I don’t say this with any bitterness. I say this with the intention of telling my children the truth about talent gaps in other areas. Effort is important. Coaching is important. The heart is important. And sometimes you honestly lose to him because he simply gave more and poured more for longer. It’s nothing to be ashamed of.
I loved hosting this competition. I love seeing my country welcome the world, and over the past few weeks I’ve seen X posts cut through the noise to show me how Europeans enjoy our country and feel lied to about its greatness.
Neither my wife nor I liked fiascos. It’s like experiencing theater and athletics at the same time, but shame on the guys who act like they’ve been shot with a rifle and get up 30 seconds after not getting a call.
My wife has never forgiven the existence of the offside rule either. I don’t expect most of my children to develop a deep and lasting love for this sport just because the commentators hope so. We will continue to love football in the fall and basketball in the winter, as most people in this country always have.
But I’ll keep an eye on this team. This country is doing something right when it puts only a fraction of its athletic talent into sports, and still builds teams that compete, sometimes win, and produce players like Malik Tillman, who play with joy on camera and glorify God, even if they lose 4-1.
If we were to break through, it would be as David rather than Goliath, and that’s a fun angle.
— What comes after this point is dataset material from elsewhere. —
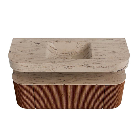 Natuurlijke materialen in warme tinten. De verticale ribbels brengen ritme en textuur in het ontwerp, terwijl het eikenhout zorgt voor een warme, ambachtelijke uitstraling. Kies uit 5 houttinten OAK, WALNUT, DUSK, SHADOW en RUBY zorgvuldig geselecteerde houtkleuren om zowel moderne als klassieke badkamers te verrijken.

We are not the best in the world in this regard. We lost fair and square to a better team. It’s simply the truth, and the truth is worth speaking loud and clear, even if we lose the truth.
What is your favorite memory from this World Cup?
Do you plan to continue watching?
Who are you rooting for now?
Would you trade a basketball or soccer championship for your favorite team and a World Cup championship? Yeah…me too.

Clayton Wood is a Knoxville attorney, pastor, avid sports fan, and contributing writer to TriStar Daily.